Find Your Perfect EV

Answer a few questions and we'll match you with electric vehicles that genuinely fit your life — factoring in your climate, driving habits, and budget.

Step 1

Where do you mostly drive?

Climate has a bigger impact on EV range than most people realise.

Select your country

Choosing an EV by usable kWh, efficiency and real range

Range is arithmetic: usable battery capacity (in kWh) multiplied by efficiency (in miles or km per kWh). Both numbers matter on their own, not just the headline range figure they produce. A Hyundai Ioniq 6 and a similarly-priced mid-size SUV can carry a comparable usable battery yet post noticeably different real-world range simply because the saloon shape moves through the air more efficiently. Shopping on battery size alone — "which car has the biggest kWh number" — misses this entirely. It's worth looking at efficiency and usable capacity as two separate levers, since a more efficient, smaller-battery EV can comfortably out-range a bigger, thirstier one, often at a lower price and with a smaller environmental footprint per mile driven.

Usable vs gross capacity — why the marketed number isn't the whole story

Every EV battery has two capacity figures: the gross (total) capacity built into the pack, and the smaller usable capacity actually available to drive on. Manufacturers reserve a buffer — typically a few percent at the very top and bottom of the charge range — to protect the cells from the most stressful extremes of full and empty, and to keep the state-of-charge readout accurate over the car's life. Marketing sometimes quotes the larger gross figure, so a car advertised with a "77kWh battery" might only offer around 72–75kWh of usable range day to day. When comparing range claims between brands, usable capacity — not gross — is the number that actually predicts how far you'll get, which is why every figure on the battery specs page is shown as usable capacity.

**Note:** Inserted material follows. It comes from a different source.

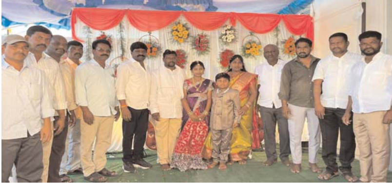
సకిరేకల్ నియోజకవర్గం :-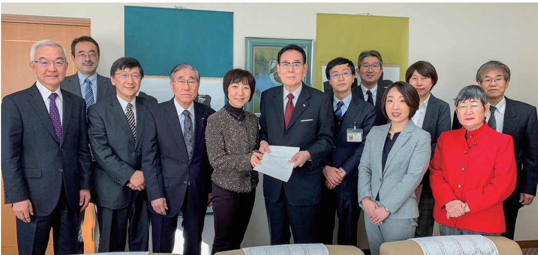
花川区長に学校整備についての緊急提言を手渡す日本共産党北区議員団 = 18日、北区役所

日本共産党北区議員団は、18日、人口増に対応した学校整備を求める緊急提言「子どもたちにゆとりのある教室と豊かな教育環境を」を発表し、同日、北区の花川区長と清正

Matching an EV to how you actually drive

Specs only tell half the story — the right EV also depends on your typical trip lengths, home charging access, climate, and budget. A driver doing mostly short local trips with a home charger rarely needs the biggest, most expensive battery on offer; a driver covering long motorway distances regularly, or without reliable home charging, benefits far more from strong DC rapid charging speed than from a slightly bigger pack. Cold-climate drivers should weight winter range loss and heat pump availability more heavily than the headline WLTP or EPA figure alone. The finder above turns these trade-offs into a short set of questions rather than asking you to weigh every spec yourself.

Choosing an EV FAQs

What's a good efficiency figure for an EV?
Roughly 3.5–4.5mi/kWh (or 14–18kWh/100km) is considered efficient for a modern EV, achieved by aerodynamic saloons and smaller crossovers like a Tesla Model 3 or Hyundai Ioniq 6. Larger SUVs and trucks — a Kia EV9 or a pickup-style EV — more typically sit around 2.2–3mi/kWh (22–28kWh/100km). Neither figure is "wrong"; it reflects the trade-off between interior space, ride height and range per kWh of battery fitted.
Does a bigger battery always mean more range?
Not necessarily — efficiency matters just as much as capacity. A smaller, more aerodynamic EV with a 60kWh usable battery and 4mi/kWh efficiency gets roughly the same range as a larger SUV with an 80kWh battery managing 3mi/kWh. When comparing models, look at both numbers together, not battery size alone — a bigger battery pack often just offsets a less efficient shape rather than delivering genuinely longer range.
Why do two EVs with the same battery size have different ranges?
Range is capacity multiplied by efficiency, and efficiency varies a lot between models with otherwise similar batteries — driven by aerodynamic drag, vehicle weight, tyre choice, motor and inverter efficiency, and how aggressively the car manages energy at low charge. Two EVs sharing a very similar usable capacity can differ in real-world range by 15% or more purely because one is a more efficient design.
Is the advertised battery capacity the same as what I can actually use?
No — manufacturers publish both a gross (total) capacity and a smaller usable capacity, with the difference reserved as a buffer at the very top and bottom of the pack to protect long-term health and keep the range estimate accurate. A car marketed with a "77kWh battery" might have a usable capacity closer to 72–75kWh. Always compare usable figures when shopping — see the battery specs page for usable capacity by model.